A: Absolutely. The democracy essay for “The 1619 Project” (on which the episode is based) is the most patriotic thing I’ve ever done. I don’t think you can watch the democracy episode and not see it as patriotic. It’s not patriotic as defined by conservatives who think patriotism is performative — standing up for a flag or wearing a flag pin — but the highest calling of patriotism, which is to fight your country and force it to live up to its ideals. Black Americans have epitomized that.
Literally by working on this project, I came to understand that my father wasn’t flying that flag as a sign of his subjugation, which is what it felt like, but as a sign of his refusal to have his lineage and legacy be taken from him. As Black Americans, we literally have no other country to claim. We have been made to feel that we can’t really claim the country we played such a role in building, and my father refused to feel that. … That essay — particularly the part about my dad flying the flag — is the thing that people across racial lines connect with the most.
Q: Did including your family history in the series make you feel vulnerable?
A: It was (director and executive producer) Roger Ross Williams’ idea. It’s different to tell your own story in print than visually. That was when I felt most vulnerable.
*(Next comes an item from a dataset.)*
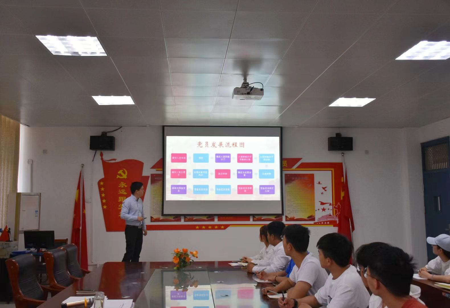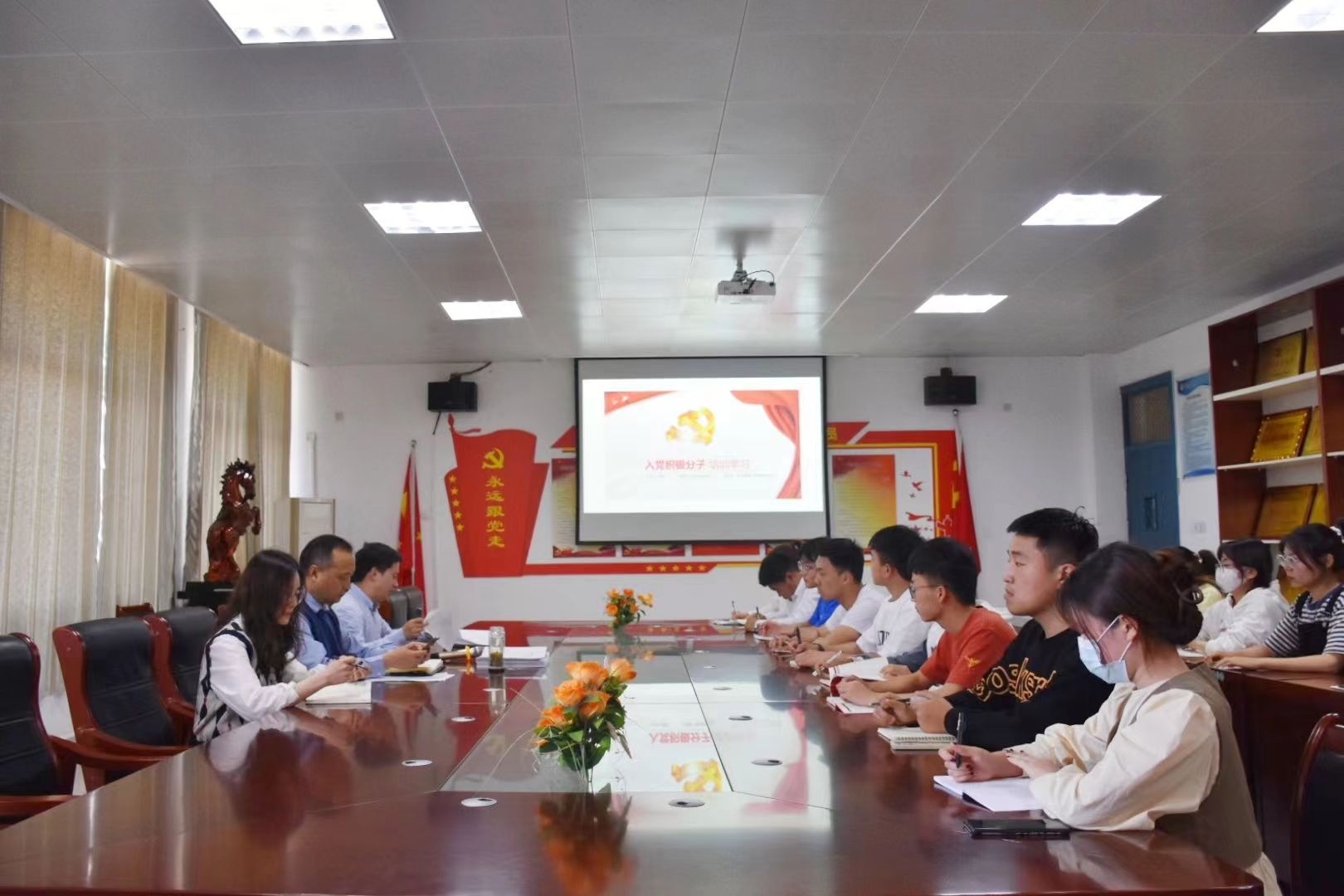 为加强发展对象进一步了解党员发展流程,确保入党材料填写质量,5月17日下午,乐鱼官方端网站登录入口学工党支部组织员、团总支书记李明对党员发展对象进行了培训。学工党支部书记张礼涛和李秋爽老师以及20名学生党员发展对象参加了本次培训会。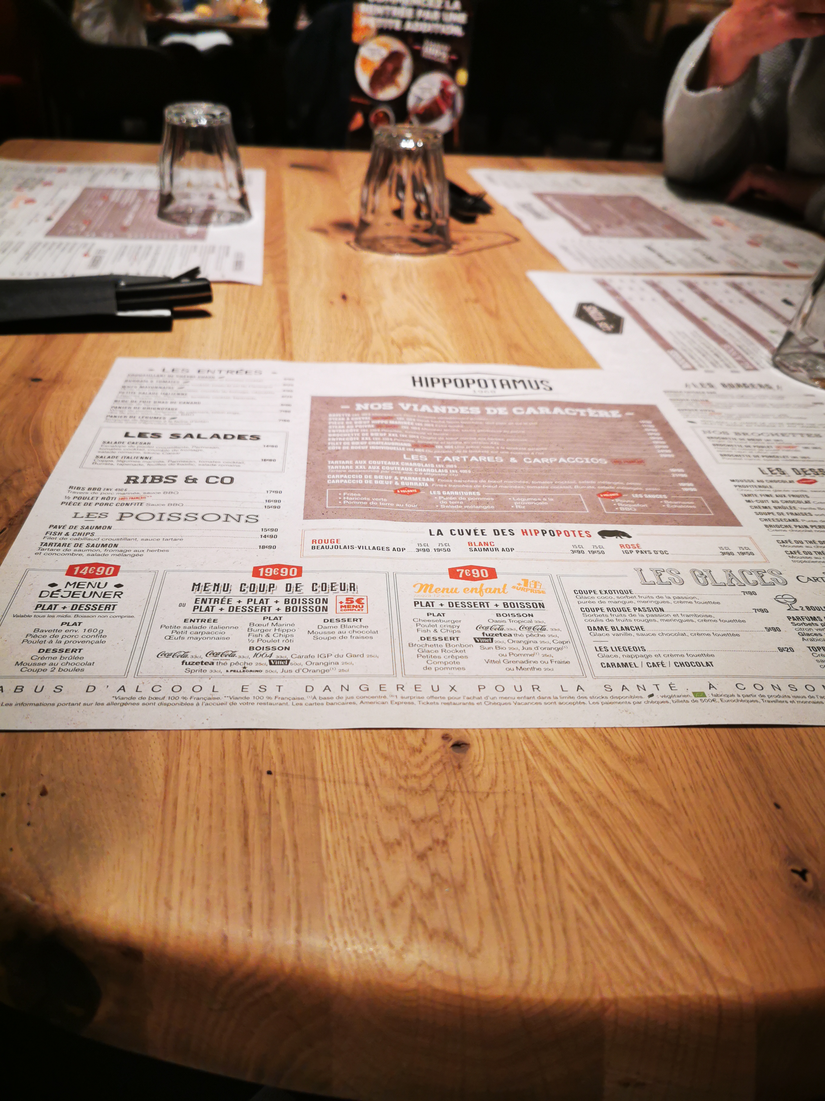 C’est Hippo, donc sans surprise, et c’est aussi pour cela qu’on y va. Mais la qualité et l’empressement du service, la qualité des viandes, et la générosité des desserts font qu’on y revient avec grand plaisir. Bon point (et vraie surprise) pour la qualité remarquable du burger du menu enfant, absolument délicieux avec son pain brioché. Ah oui, les enfants, l’autre argument qui tue. Pour eux, tout ici fonctionne, du sourire de la serveuse à la pochette surprise. Et vu le prix du menu enfant, même papa approuve.

Understanding the type of vitriol that you face, the ugly things that people say online — unless you’ve been in the storm of “The 1619 Project,” I don’t think you can really understand what that’s like. I’ve chosen this profession, so I have to deal with it, but to invite my family (into that), I was really worried. But they were so proud to be able to share their story and represent Black Americans and the common struggle.
The other hard part was being honest about my grandparents. My grandparents were very good to me and my sisters, but also they were racist. Even though they loved us, they would make comments about other Black people. They disowned my mom when she married my father. I had to spend a lot of time thinking about if I wanted to put that in the documentary. Ultimately, I felt like we ask people to do this for us all the time as journalists, so I had to be honest.